The company has achieved its current size through a deliberate strategy of making acquisitions to increase its market share, and there is no end to that strategy in sight. SSA has just tied up the acquisition of CRM analytics specialist Epiphany, its eleventh acquisition since April 2001. At any one time it keeps a watching brief on 30 to 35 companies that are possible acquisition targets.

Although it gives nothing away about who its next targets might be, struggling supply chain vendors i2 or Manugistics could conceivably be on the list. You need two things for an acquisition to happen, said EVP Graeme Cooksley. A seller who is willing to sell and a buyer who is willing to buy. While neither company has declared itself for sale, their finances indicate that it would be prudent to look for an exit strategy, and SSA might just be the one to swoop, but only if the price is right. Manugistics in particular, with its optimization focus would complement SSA’s current SCM offerings.

However, in the current consolidation climate, growth by acquisition is not as straightforward as it used to be because the cost has mushroomed. SSA has paid an average of $37,000 per customer for its 13,000 acquired customers, while when Oracle acquired Retek it paid $2m per customer, said Mr Greenough. So while acquisitions at the right price will continue, SSA is shifting its game and putting more emphasis on extended solutions as opposed to products.

[Organizations will not] throw out SAP or Oracle and put in a replacement. That is anachronistic selling by anachronistic vendors. Companies already have ERP so you have to extend the solution, said Mr Greenough, referring to sales of enterprise applications such as CRM and SCM. This is where many of SSA’s acquisitions have been focused, and sales of its extended applications rose 62% year on year and now account for 22% of total revenue. Epiphany was an example of SSA extending its solution set to meet growing customer demand for CRM as its manufacturing client base sought to understand their customers’ customers. Having identified the need, SSA decided it was quicker to buy it than to develop it.

Technology is a commodity, so solutions matter. There will be fewer, bigger, more stable suppliers. Best-of-breed will only be boutique suppliers, said Mr Greenough. He also predicted that $250m will be the break point for the smaller companies. They will not do over $250m in annual revenue. If they do, we will squash them, he said. His rationale is that if the smaller vendors demonstrate there is a market and SSA has not got the functionality, it will go out and buy it.

The company is also changing the way it deals with customers. We need to be business advisers, not just come in and sell products. We have to earn the right to be a business adviser by understanding [customer] needs and giving value through a total solution, said Mr Cooksley. You keep customers by not sunsetting products but also by giving them value and the ROI to move forward.

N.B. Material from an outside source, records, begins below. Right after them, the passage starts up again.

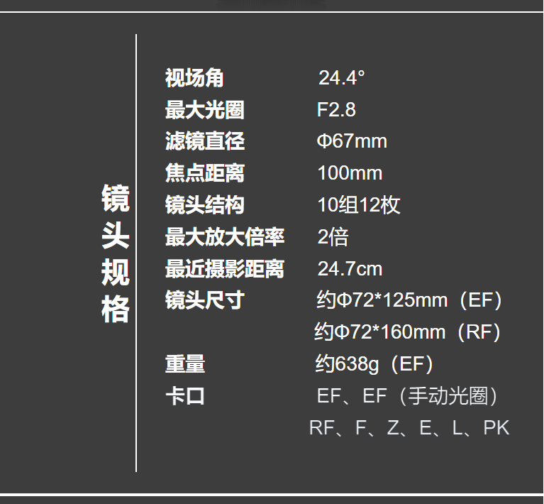 老蛙百微的最近摄影距离仅为24.7cm,这个数值下,在CMOS上的成像长宽会是物体本身长宽的2倍,也就是将被摄物体2倍放大,基于这个优势,我们为这些实际大小仅1~3cm左右的矿物标本留下了许多影像。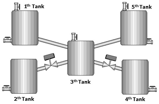 Despite the fact that interactive tank models have been studied in great detail [13,14,15] because of their wide range of applications in power generation, chemical processes, food and beverage production and storage, water supply and transportation, and oil and gas refining and storage, most of the studies have focused on their control. Further, the few that considered a MAS approach concentrated on computational techniques for its estimation, simulation, and control [16,17,18].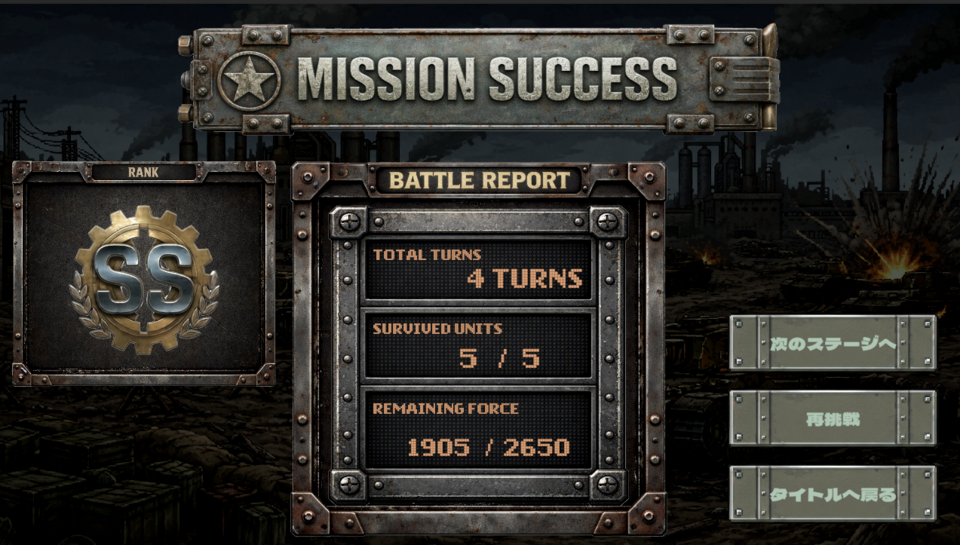 地形効果・射程・支援攻撃・挟撃など、戦術的要素を丁寧に実装しました。

Practical moves to provide value include adding industry-specific people to marketing teams who will be able to use their expertise to put solutions together to address specific needs. Although SSA plans to increase its vertical market focus, it is not going down the road of building different versions for different industries because it wants to maintain the simplicity and cost-effectiveness of a single-core application, albeit within the bounds of its multiple product, multi-code base footprint. Vertical functionality is provided through optional service packs that can be tailored for specific industries.

It is also reorganizing around three geographies: the Americas, Asia-Pac and Japan, and EMEA, so it can provide a global structure with local understanding. Each region will have its own business consultants who will put together solutions according to local demand, based on collaboration with industry specialists and customers. They will also work with the services delivery team. SSA’s aim is to create one coherent supply line and minimize the risk of gaps and inconsistencies along the way.

One new area of activity is managed application services where SSA will take on responsibility for SSA applications, taking a customer’s SSA environment into its own Indian data centers. However, the company stressed that its business will be applications management, not infrastructure management.